Nous avons 2 partenariats actuels :
- Des séances auprès du personnel médical de l’hôpital Tenon et de l’hôpital Trousseau à Paris.
- Des interventions shiatsu et massage sur chaise à l’université de Nanterre.
D’autres projets sont en cours. L’un porte sur les patients de l’hôpital Tenon, du shiatsu pour un groupe de femmes qui ont subi des mastectomies et qui sont suivies dans un groupe de parole animé par une psychologue et une infirmière. L’autre est d’accompagner un groupe d’enfants autistes au service pédopsychologie de l’hôpital la Salpêtrière ainsi que des ateliers de mouvement pour le personnel lors des journées de formation professionnelle.
ADN : Vous avez pratiqué en Italie, aux Etats-Unis et en France. Quelles sont pour vous les différences notables entre ces pays ?
BA : Même si la discipline ne change pas, la culture dans laquelle elle est transmise l’influence inévitablement. Certains codes culturels sont différents et on peut donc parfois mal interpréter les concepts théoriques. Mais en général tout se passe très bien.
Je ne pense pas qu’il soit possible de garder un pur style traditionnel.
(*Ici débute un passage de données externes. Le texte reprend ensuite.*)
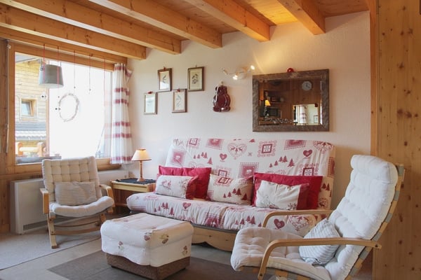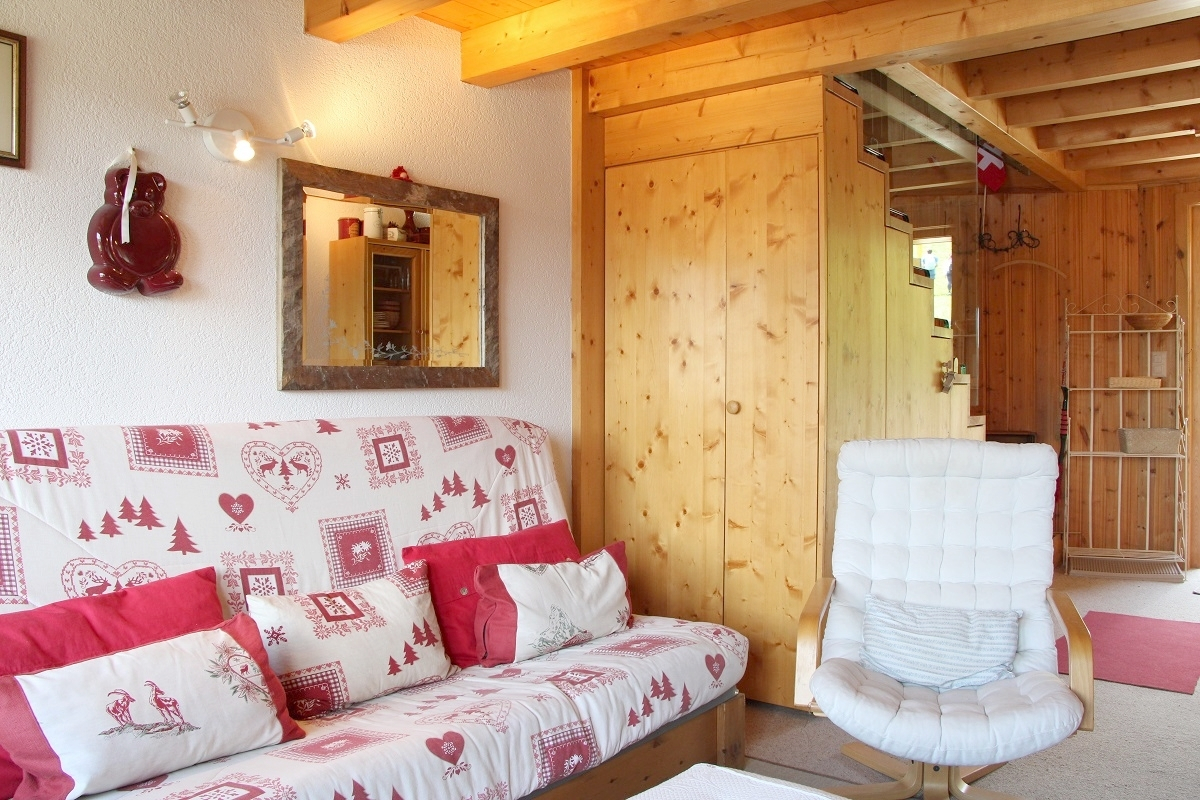 Beau studio en duplex, situé au pied de la piste de ski Le Rouge et de l'after-ski. Proche de l'arrêt de bus et du magasin Brunet. Bon ensoleillement. Entrée avec coin à manger, séjour, cuisine ouverte, balcon sud, mezzanine avec lit double, 1 salle de douche. TV, wifi. Local à ski, 1 place de parc à l'extérieur. Non fumeurs. Equipement d'hiver obligatoire.

Pour moi, toutes ces influences culturelles enrichissent la pratique.
Cela étant dit, la pratique du shiatsu est sans frontières et universelle. On peut communiquer avec les mains de cœur à cœur sans parler la même langue.
ADN : Avant de terminer, auriez-vous d’autres points à ajouter ou des actualités à partager avec nos lecteurs ?
BA : Non, tout simplement j’invite les personnes curieuses de cette pratique à venir découvrir notre centre !
ADN : Merci Barbara pour ce temps de partage, grazie mille
BA : Grazie à vous Antoine pour le travail que vous faites pour faire découvrir cette belle pratique à un plus large public.